## AVAILABLE DATA
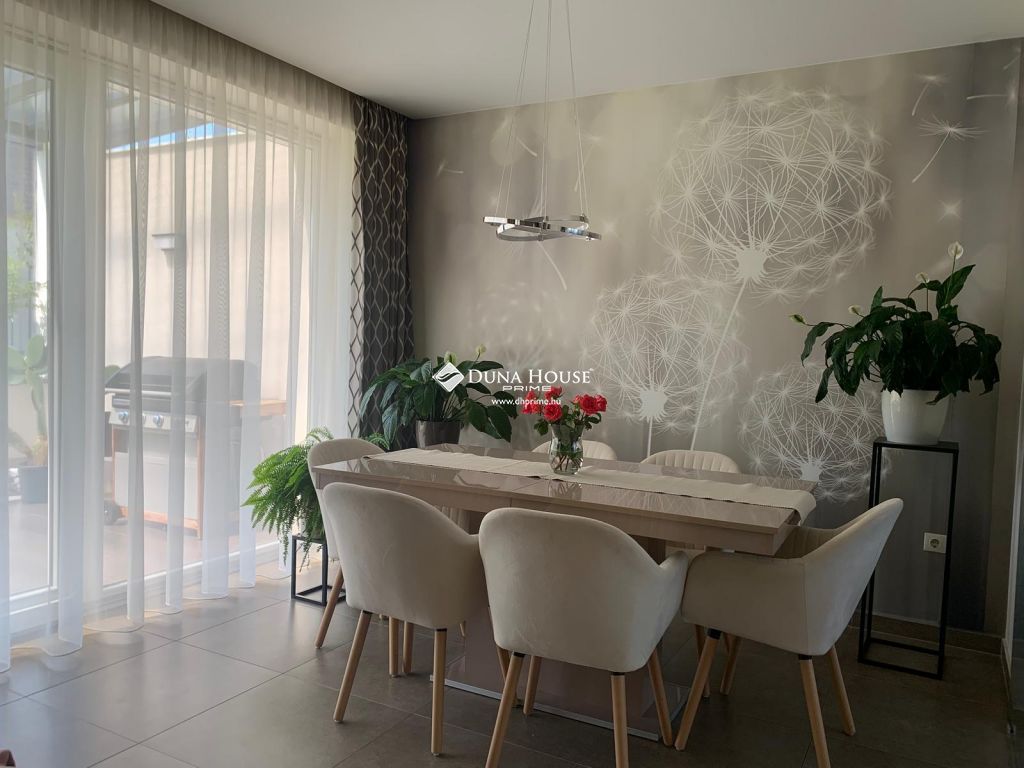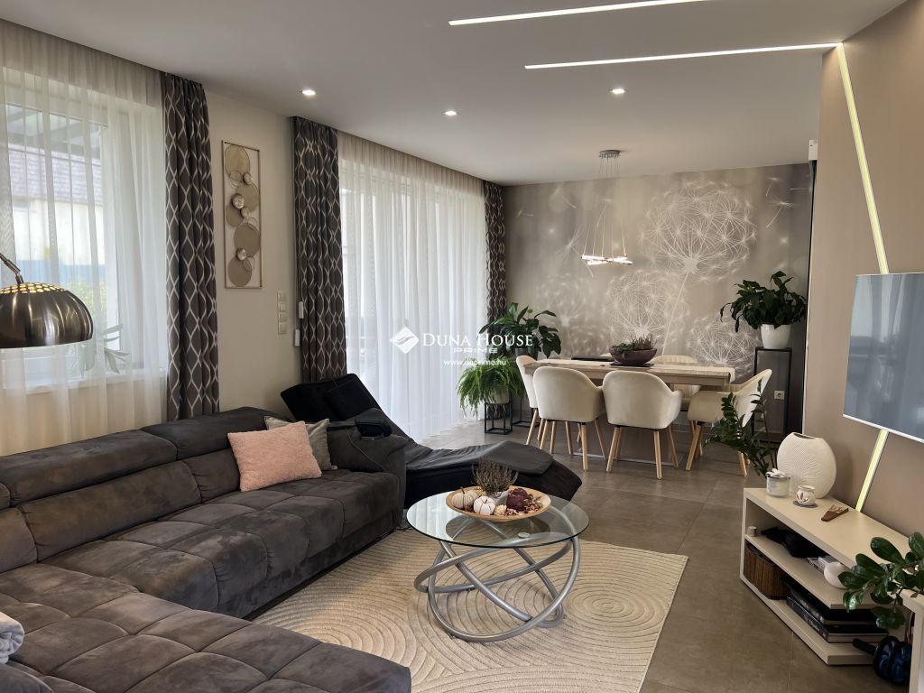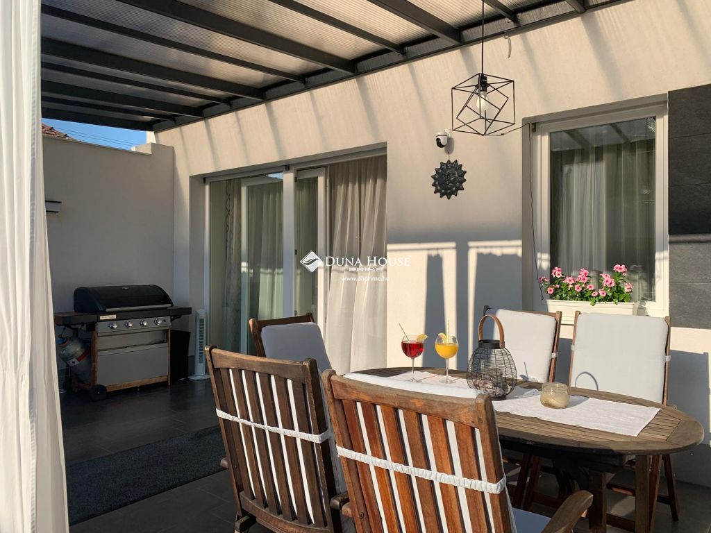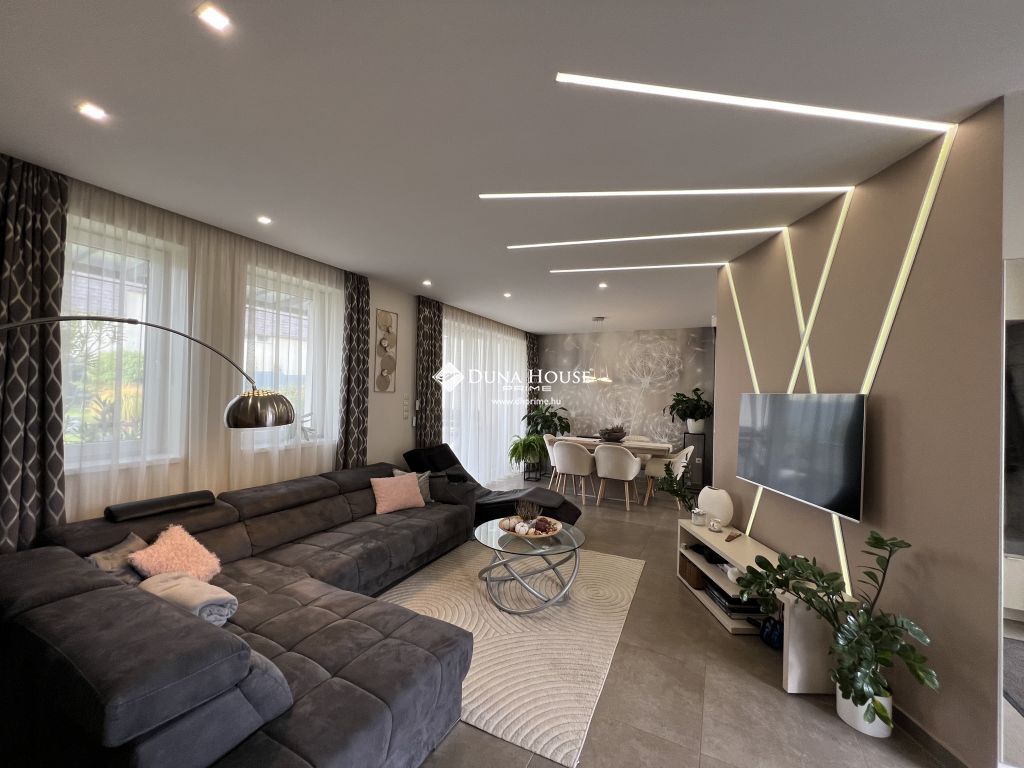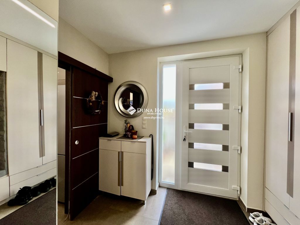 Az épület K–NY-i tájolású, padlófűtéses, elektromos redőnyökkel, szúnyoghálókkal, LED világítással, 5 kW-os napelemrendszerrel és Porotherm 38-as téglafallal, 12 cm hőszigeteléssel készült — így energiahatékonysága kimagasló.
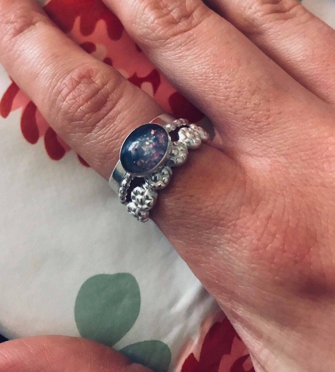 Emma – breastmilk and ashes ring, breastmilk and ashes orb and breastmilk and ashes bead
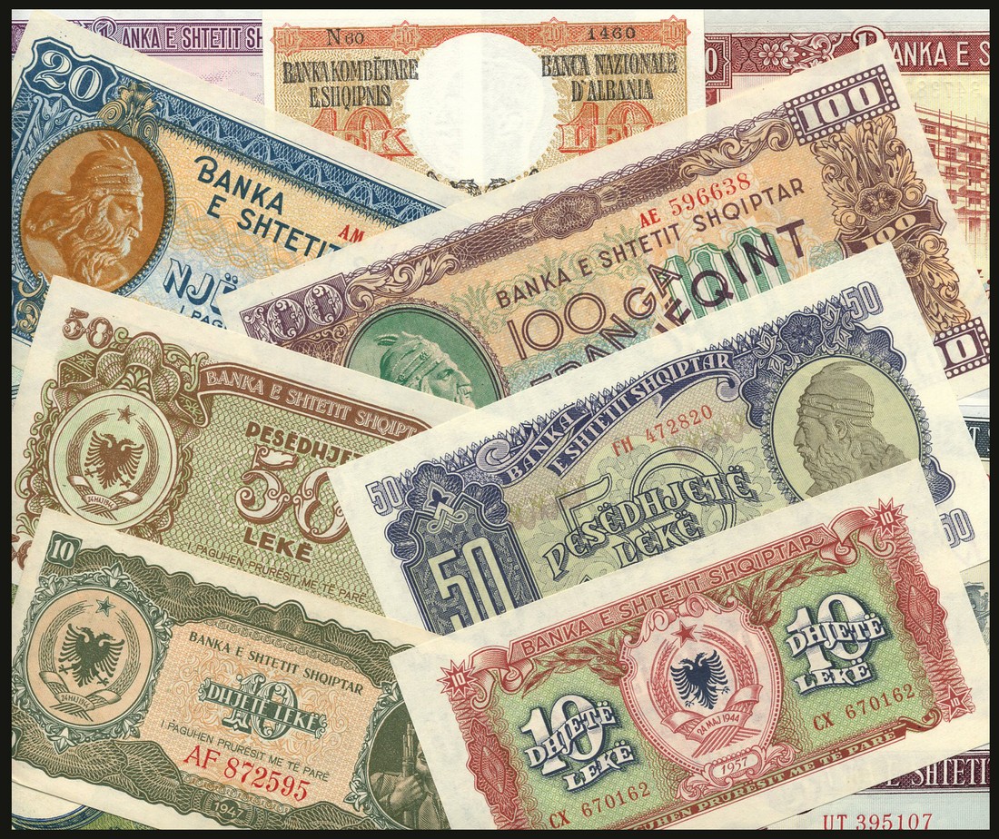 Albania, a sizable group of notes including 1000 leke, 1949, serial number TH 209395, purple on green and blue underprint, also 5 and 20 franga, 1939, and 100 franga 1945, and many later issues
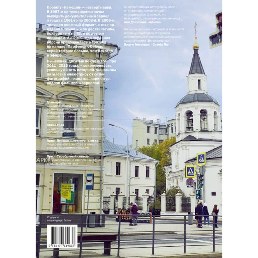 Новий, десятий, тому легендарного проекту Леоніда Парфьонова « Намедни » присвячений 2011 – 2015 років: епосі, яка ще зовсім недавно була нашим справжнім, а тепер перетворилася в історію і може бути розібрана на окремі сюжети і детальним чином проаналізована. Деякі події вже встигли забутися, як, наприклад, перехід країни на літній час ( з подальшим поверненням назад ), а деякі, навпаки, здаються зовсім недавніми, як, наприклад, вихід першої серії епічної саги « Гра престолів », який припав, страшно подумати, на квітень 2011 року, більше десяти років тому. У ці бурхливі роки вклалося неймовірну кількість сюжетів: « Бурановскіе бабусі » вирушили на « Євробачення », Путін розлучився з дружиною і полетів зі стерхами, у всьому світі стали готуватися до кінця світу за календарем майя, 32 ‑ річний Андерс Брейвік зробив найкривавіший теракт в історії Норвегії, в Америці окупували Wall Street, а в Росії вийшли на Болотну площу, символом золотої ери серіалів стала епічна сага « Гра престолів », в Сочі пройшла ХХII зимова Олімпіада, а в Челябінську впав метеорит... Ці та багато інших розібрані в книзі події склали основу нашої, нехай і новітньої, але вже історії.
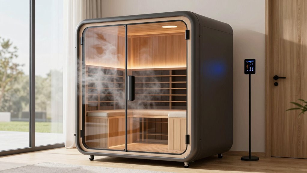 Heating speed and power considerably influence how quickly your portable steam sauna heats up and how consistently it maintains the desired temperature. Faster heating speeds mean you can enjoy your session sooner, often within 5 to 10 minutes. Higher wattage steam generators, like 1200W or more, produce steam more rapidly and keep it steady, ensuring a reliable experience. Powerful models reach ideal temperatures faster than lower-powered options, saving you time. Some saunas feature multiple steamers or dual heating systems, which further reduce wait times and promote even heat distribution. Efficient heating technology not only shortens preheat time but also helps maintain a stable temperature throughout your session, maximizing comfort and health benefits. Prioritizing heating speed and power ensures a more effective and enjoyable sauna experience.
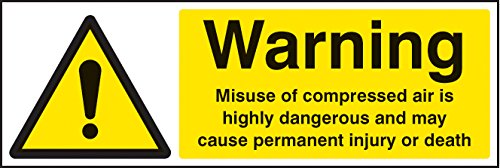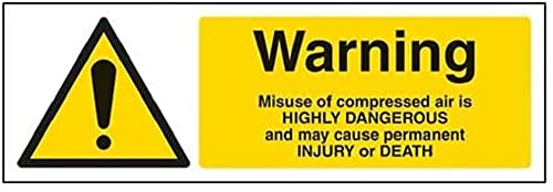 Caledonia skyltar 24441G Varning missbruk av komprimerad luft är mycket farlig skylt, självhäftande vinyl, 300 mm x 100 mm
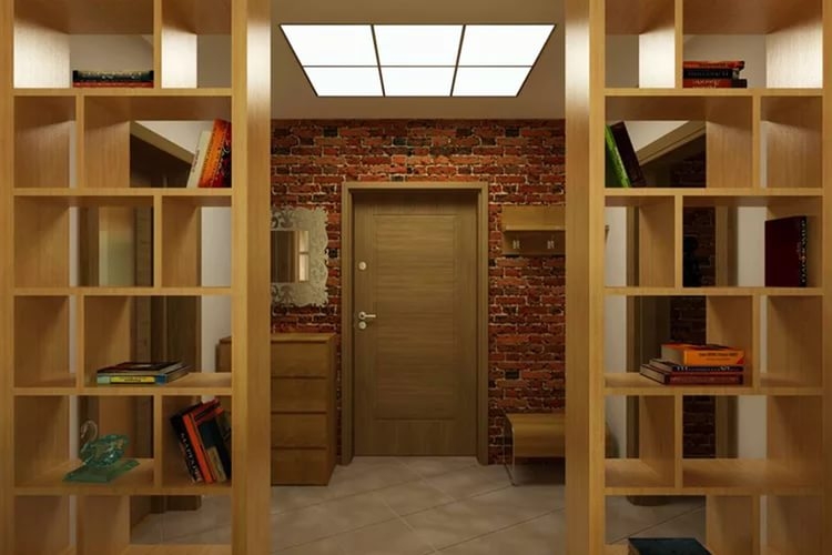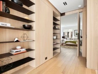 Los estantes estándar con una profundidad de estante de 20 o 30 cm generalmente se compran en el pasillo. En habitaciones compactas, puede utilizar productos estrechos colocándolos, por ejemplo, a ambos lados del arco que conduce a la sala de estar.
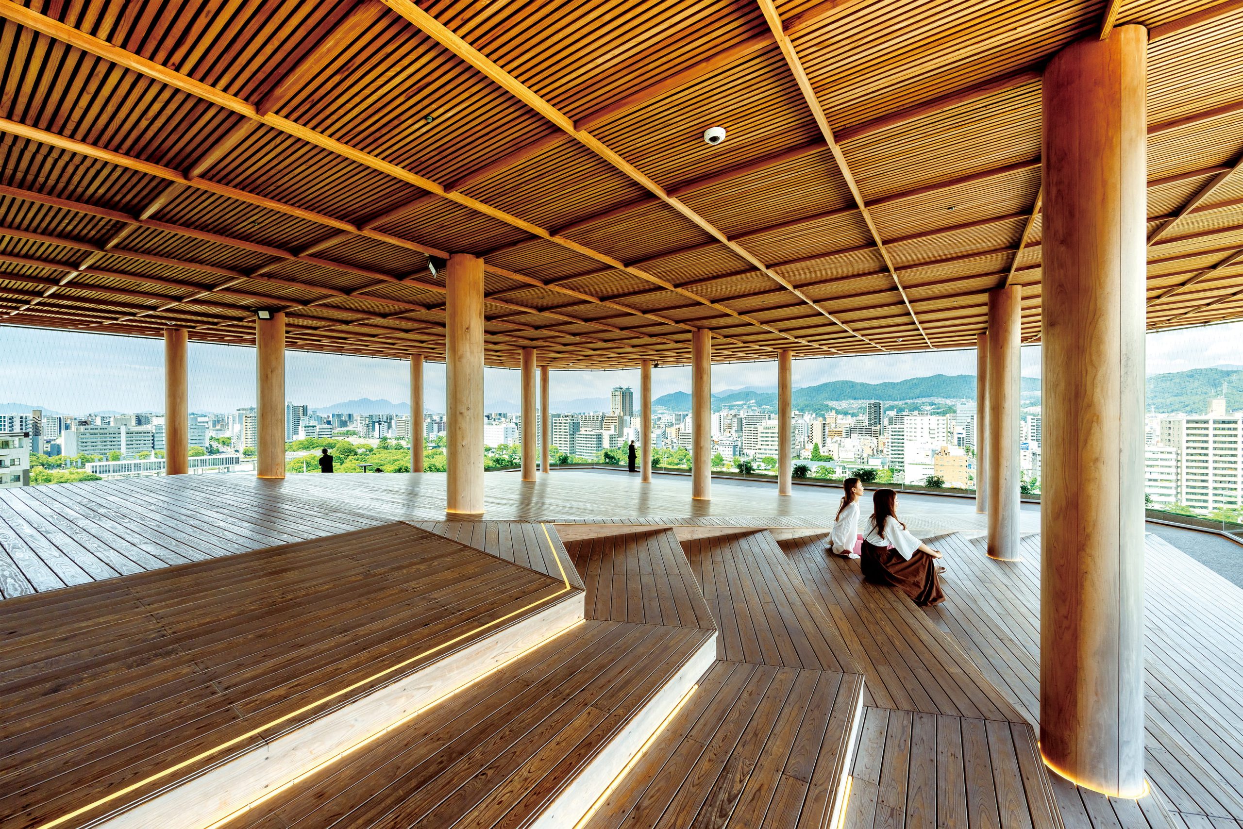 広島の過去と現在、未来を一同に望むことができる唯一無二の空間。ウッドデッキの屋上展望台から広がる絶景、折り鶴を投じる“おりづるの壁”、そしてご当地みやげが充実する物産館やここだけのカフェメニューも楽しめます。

## INSTRUCTIONS FOR THE TASK
The answer must match the entries above line for line, with the pictures dropped.

## ANSWER BOX
 Az épület K–NY-i tájolású, padlófűtéses, elektromos redőnyökkel, szúnyoghálókkal, LED világítással, 5 kW-os napelemrendszerrel és Porotherm 38-as téglafallal, 12 cm hőszigeteléssel készült — így energiahatékonysága kimagasló.
 Emma – breastmilk and ashes ring, breastmilk and ashes orb and breastmilk and ashes bead
 Albania, a sizable group of notes including 1000 leke, 1949, serial number TH 209395, purple on green and blue underprint, also 5 and 20 franga, 1939, and 100 franga 1945, and many later issues
 Новий, десятий, тому легендарного проекту Леоніда Парфьонова « Намедни » присвячений 2011 – 2015 років: епосі, яка ще зовсім недавно була нашим справжнім, а тепер перетворилася в історію і може бути розібрана на окремі сюжети і детальним чином проаналізована. Деякі події вже встигли забутися, як, наприклад, перехід країни на літній час ( з подальшим поверненням назад ), а деякі, навпаки, здаються зовсім недавніми, як, наприклад, вихід першої серії епічної саги « Гра престолів », який припав, страшно подумати, на квітень 2011 року, більше десяти років тому. У ці бурхливі роки вклалося неймовірну кількість сюжетів: « Бурановскіе бабусі » вирушили на « Євробачення », Путін розлучився з дружиною і полетів зі стерхами, у всьому світі стали готуватися до кінця світу за календарем майя, 32 ‑ річний Андерс Брейвік зробив найкривавіший теракт в історії Норвегії, в Америці окупували Wall Street, а в Росії вийшли на Болотну площу, символом золотої ери серіалів стала епічна сага « Гра престолів », в Сочі пройшла ХХII зимова Олімпіада, а в Челябінську впав метеорит... Ці та багато інших розібрані в книзі події склали основу нашої, нехай і новітньої, але вже історії.
 Heating speed and power considerably influence how quickly your portable steam sauna heats up and how consistently it maintains the desired temperature. Faster heating speeds mean you can enjoy your session sooner, often within 5 to 10 minutes. Higher wattage steam generators, like 1200W or more, produce steam more rapidly and keep it steady, ensuring a reliable experience. Powerful models reach ideal temperatures faster than lower-powered options, saving you time. Some saunas feature multiple steamers or dual heating systems, which further reduce wait times and promote even heat distribution. Efficient heating technology not only shortens preheat time but also helps maintain a stable temperature throughout your session, maximizing comfort and health benefits. Prioritizing heating speed and power ensures a more effective and enjoyable sauna experience.
 Caledonia skyltar 24441G Varning missbruk av komprimerad luft är mycket farlig skylt, självhäftande vinyl, 300 mm x 100 mm
 Los estantes estándar con una profundidad de estante de 20 o 30 cm generalmente se compran en el pasillo. En habitaciones compactas, puede utilizar productos estrechos colocándolos, por ejemplo, a ambos lados del arco que conduce a la sala de estar.
 広島の過去と現在、未来を一同に望むことができる唯一無二の空間。ウッドデッキの屋上展望台から広がる絶景、折り鶴を投じる“おりづるの壁”、そしてご当地みやげが充実する物産館やここだけのカフェメニューも楽しめます。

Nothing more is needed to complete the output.